Le dichiarazioni programmatiche del ministro Castelli innanzi la commissione Giustizia hanno, finalmente, mentre stanno per chiudersi le sessioni parlamentari per le inevitabili ferie agostane (sin troppo lunghe: e perché non cominciare con l’accorciare i termini della sospensione feriale per riprendere i ritmi fisiologici di lavoro agli inizi di settembre?), focalizzato attenzione e interesse sui temi della giustizia, ineludibile necessità di ogni società.
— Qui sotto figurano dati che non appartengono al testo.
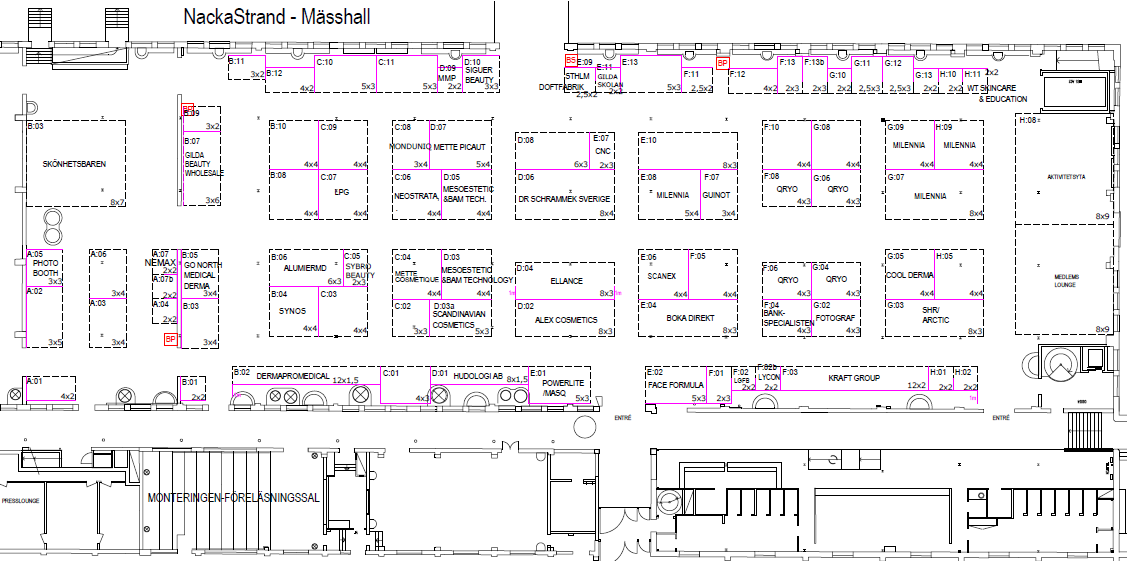 Hallskiss för 2026, Nacka Strand - hallskissen uppdateras löpande för Nacka Strandsmässan. För 3D visning av lokalen, gå in här. För senaste uppdateringen, kontakta projektledare Linn Rojas Ribbhagen.

Tema esplosivo o subliminale in campagna elettorale, fuori dei riflettori nei primi dibattiti parlamentari, la giustizia torna a essere come è giusto sia - il terreno essenziale di coltura per l’efficiente tutela dei diritti dei cittadini e va, sempre, affrontato con spirito bipartisan, senza rivendicazioni esclusiviste e con un’auspicabile convergenza su posizioni il più largamente condivisibili degli interlocutori istituzionali e imprescindibili (soprattutto avvocati e magistrati) e delle diverse parti politiche.

 

Gli investimenti per la giustizia

 

Vediamo un po’: qualche considerazione generale e poi le prime valutazioni. Le dichiarazioni non si soffermano, in maniera specifica, sulla necessità di aumentare le quote di risorse finanziarie. Le nozze con i fichi secchi non si possono fare.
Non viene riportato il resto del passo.